The login credentials are stored within a SQLITE database in the code package for the Sample Solution. The location of the database is in the module/folder named flask with the filename data.sqlite.
There are no admin credentials required to access the SQLITE database, however third-party open-source software is required to view and edit the user table within the SQLITE database. We suggest using DB Browser for SQLite Version 3.12.1. Once this software is installed, the user can open the data.sqlite file and change (then save) the default credentials.
Note: The solution is http but should be converted to https for security and for browser compatibility.
Scaling
Docker is used to develop the Sample Solution. Docker is a developer-oriented containerization platform that lets you package applications as standalone containers. They’ll run anywhere a compatible container runtime is available. There are several options to scale Docker containers.
The user interface is developed with Dash, which allows the developer to develop the entire solution in a single language, Python. This works well because the webpage is itself not complicated and nimble.
API
The AI module interacts with the other modules using a REST API. One of the key advantages of REST APIs is that they provide a great deal of flexibility. Data is not tied to resources or methods, so REST can handle multiple types of calls, return different data formats and even change structurally with the correct implementation of hypermedia.
License
Sample Application (Dash/Plotly for Python) is free and open-source software, licensed under the MIT license. It costs nothing to install and use. You can view the source, report issues or contribute using our Github repository.
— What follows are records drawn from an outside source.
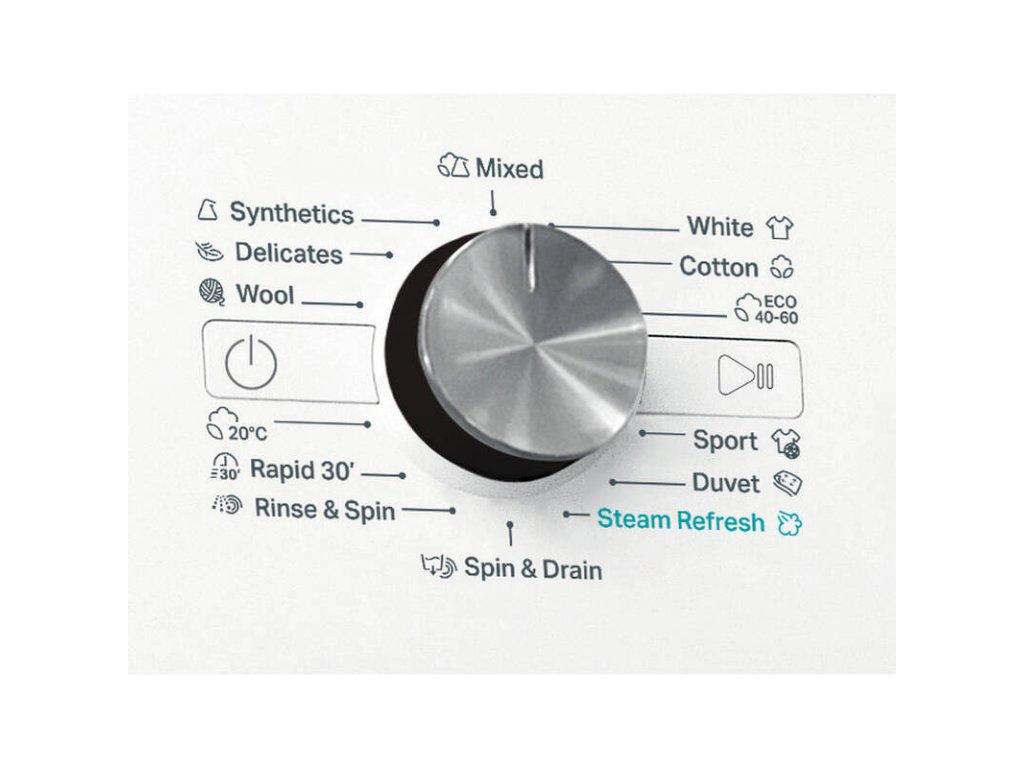 - Programy: Mix, Bílé prádlo, Bavlna, Eco 40-60, Sport, Prošívané přikrývky, Osvěžení párou, Odstřeďování & Vypouštení vody, Máchání & Odstřeďování, Rychlé 30', 20°C, Vlna, Jemné prádlo, Syntetika,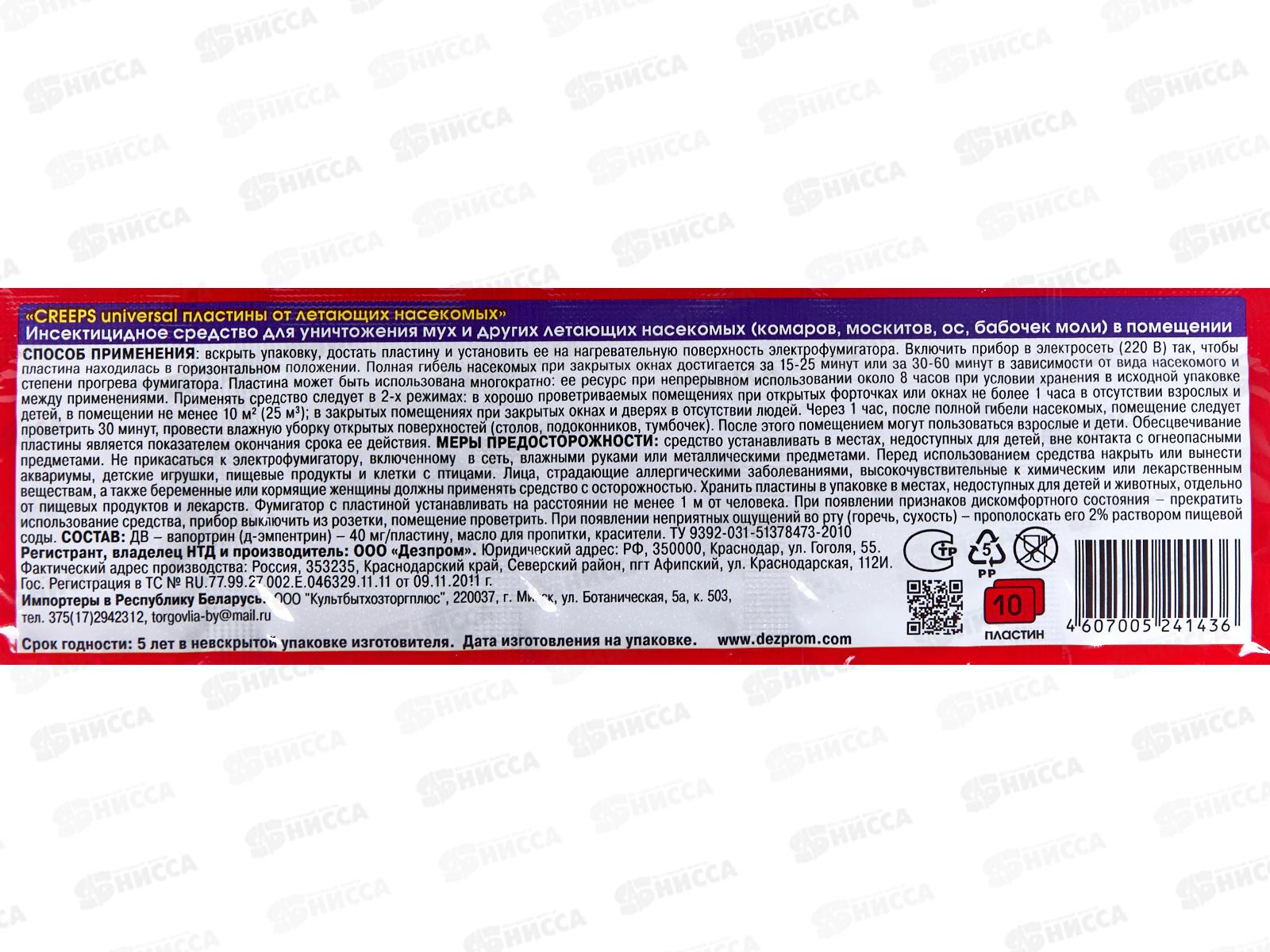 Средство для уничтожения мух, комаров, москитов, ос, бабочек моли для использования с электрофумигатором. Вскрыть упаковку, достать пластину и установить ее на нагревательную поверхность электрофумигатора. Включить прибор в электрическую сеть (220В) так, чтобы пластина находилась в горизонтальном положении. Комары начинают погибать через 10-15 минут после включения фумигатора в сеть, полная гибель наступает через 25-60 минут. Состав: ДВ - вапортрин, масло для пропитки, красители.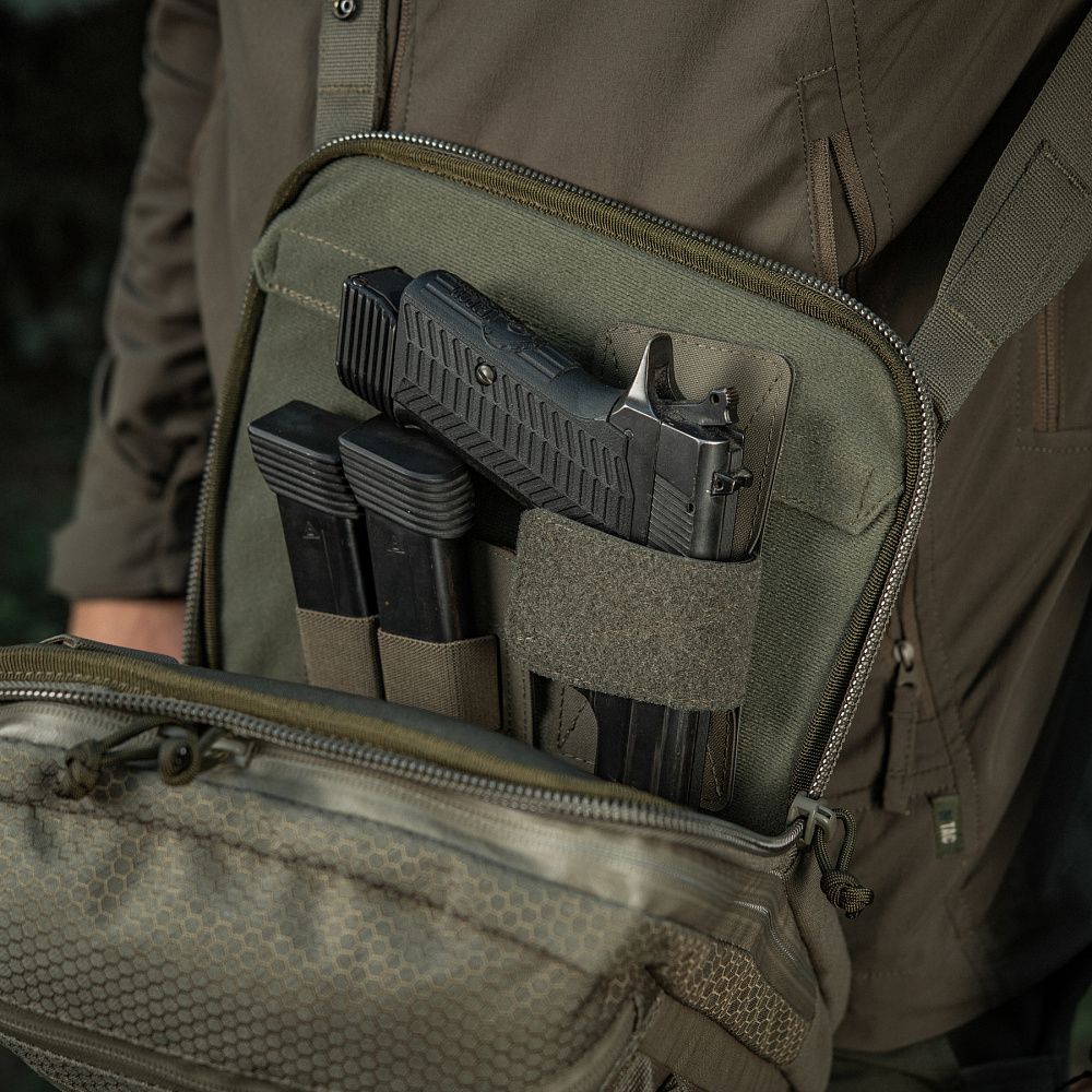 Сумка має три відділення, розташування і розміри яких ретельно продумані. Відділ для прихованого носіння зброї оснащений стінкою з велкро велюру, що дозволяє прикріпити кобуру-вставку, кріплення для магазинів чи будь-які інші модульні вставки з велкро. Основне відділення сумки вмістить документи формату A4, невеликий ноутбук, планшет і схожі за розміром предмети. Два відділення на блискавці оснащені додатковими внутрішніми кишенями та відмінно підійдуть для повсякденних речей.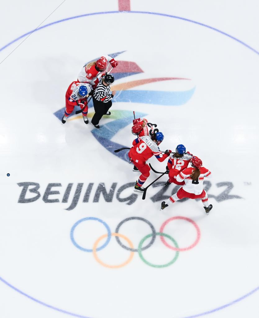 Athletes compete during the kick-off of the ice hockey women's Group B match between Denmark and Czech Republic at Wukesong Sports Centre in Beijing, capital of China, Feb. 7, 2022. (Xinhua/Meng Yongmin)
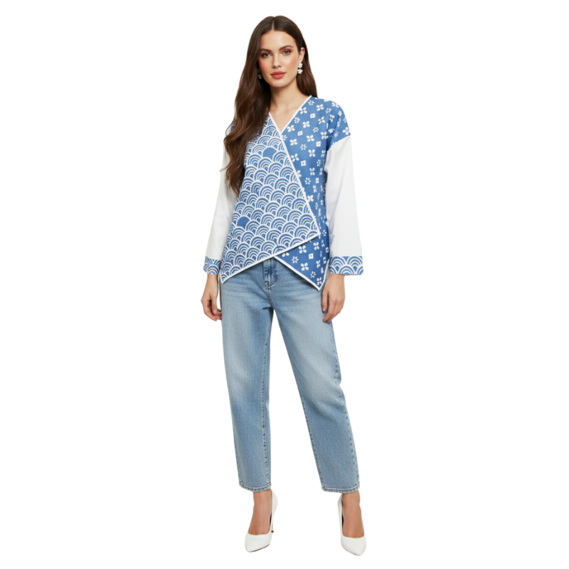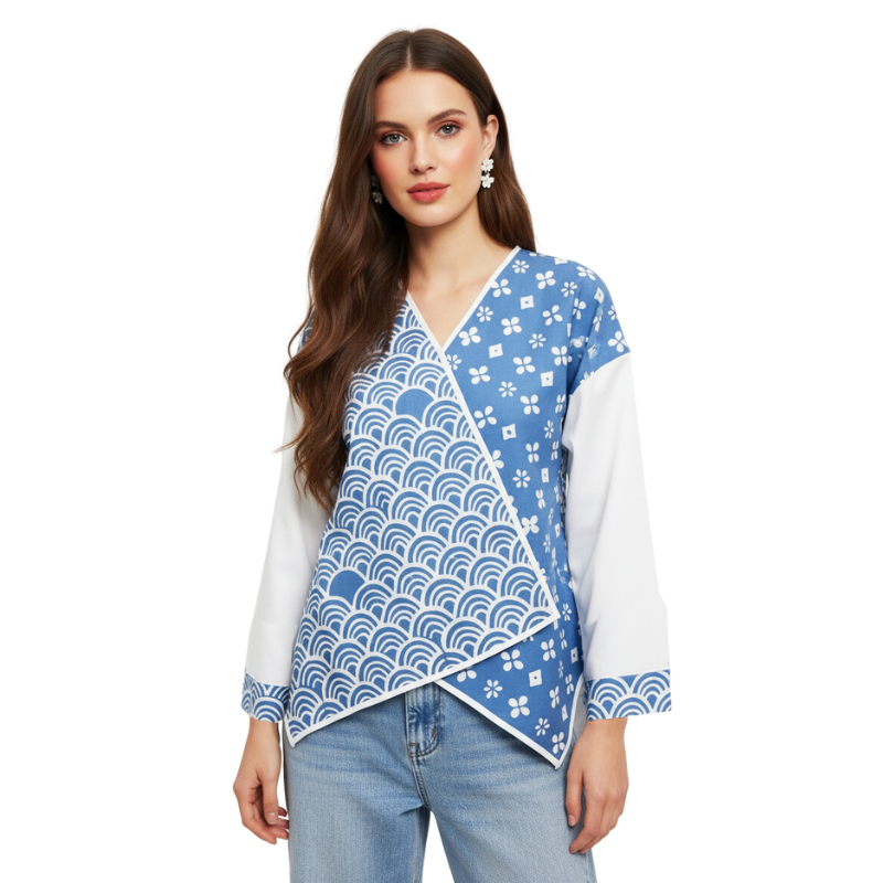 1. Blouse batik cap bergaya modern ethnic untuk formal look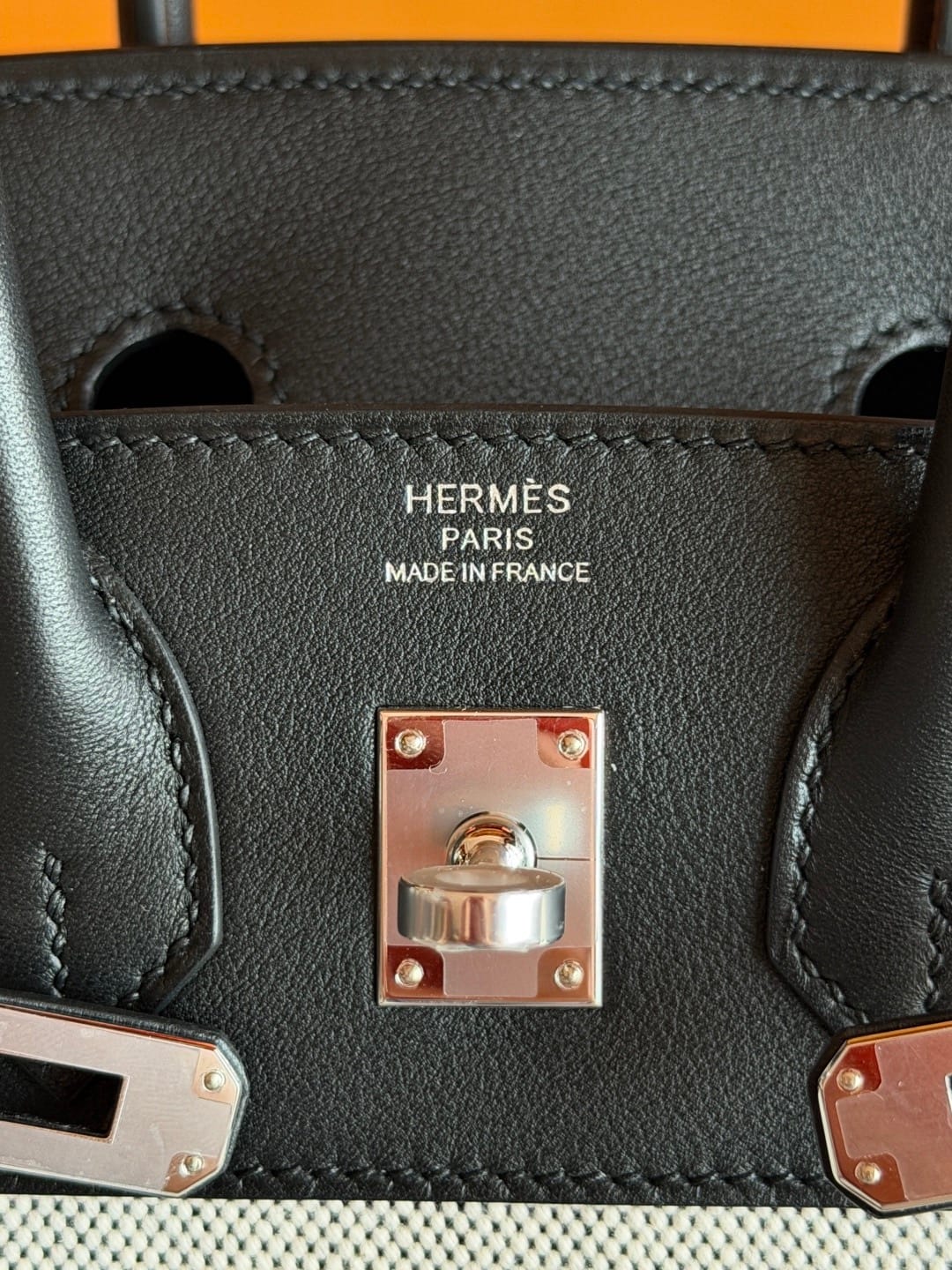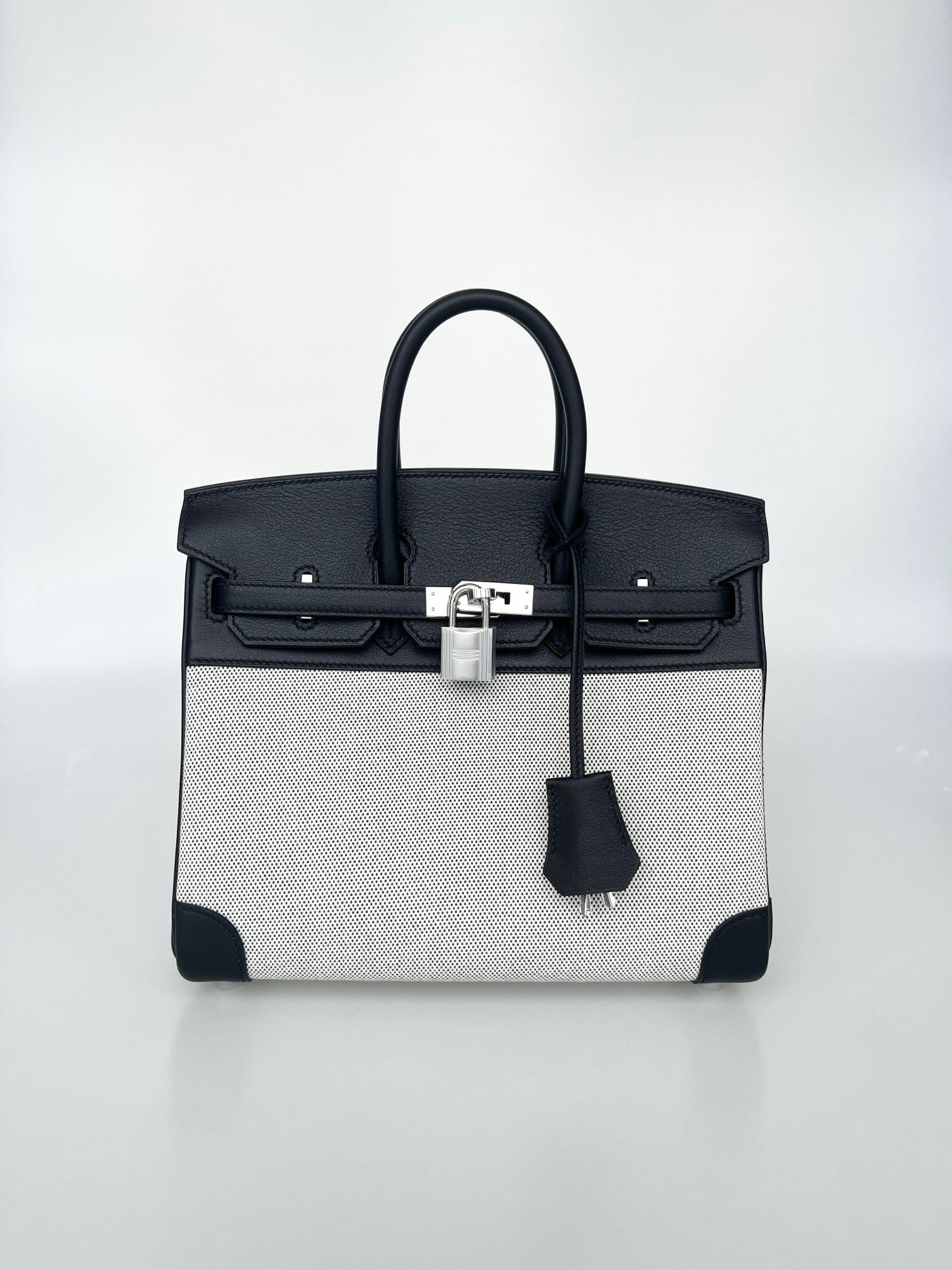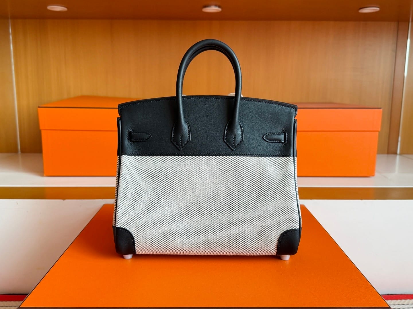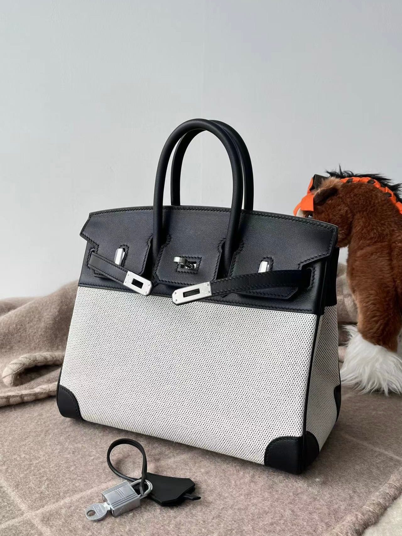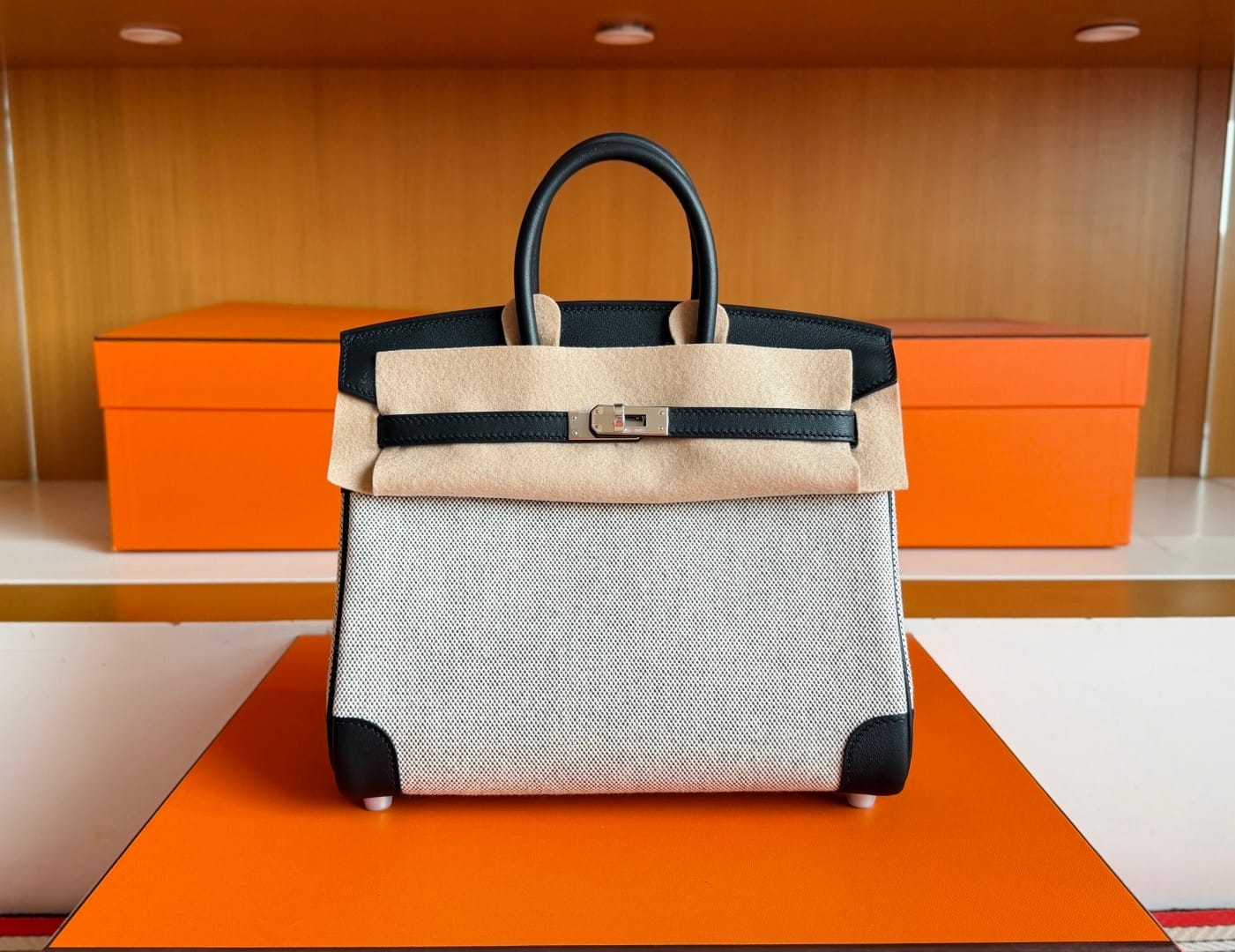 Hermes Birkin 25 Black Swift Leather & Toile Retourne Handbag Palladium Hardware

The launch codes are present in the following GitHub repository: Launch code repo
Glossary
The following terminology, as defined below, may be used throughout this document.
Term
Description
API
Application Programming Interface
GIS
Geo-spatial Information System: A geographic information system (GIS) is a system that creates, manages, analyzes, and maps all types of data. GIS connects data to a map, integrating location data (where things are) with all types of descriptive information (what things are like there).
Container
A container is a standard unit of software that packages up code and all its dependencies, so the application runs quickly and reliably from one computing environment to another.
LSTM
Long Short-Term Memory (Network).
Machine Learning
Framework of building models without explicit programming.
Time-Series
A sequence of data taken at successive equal time-intervals.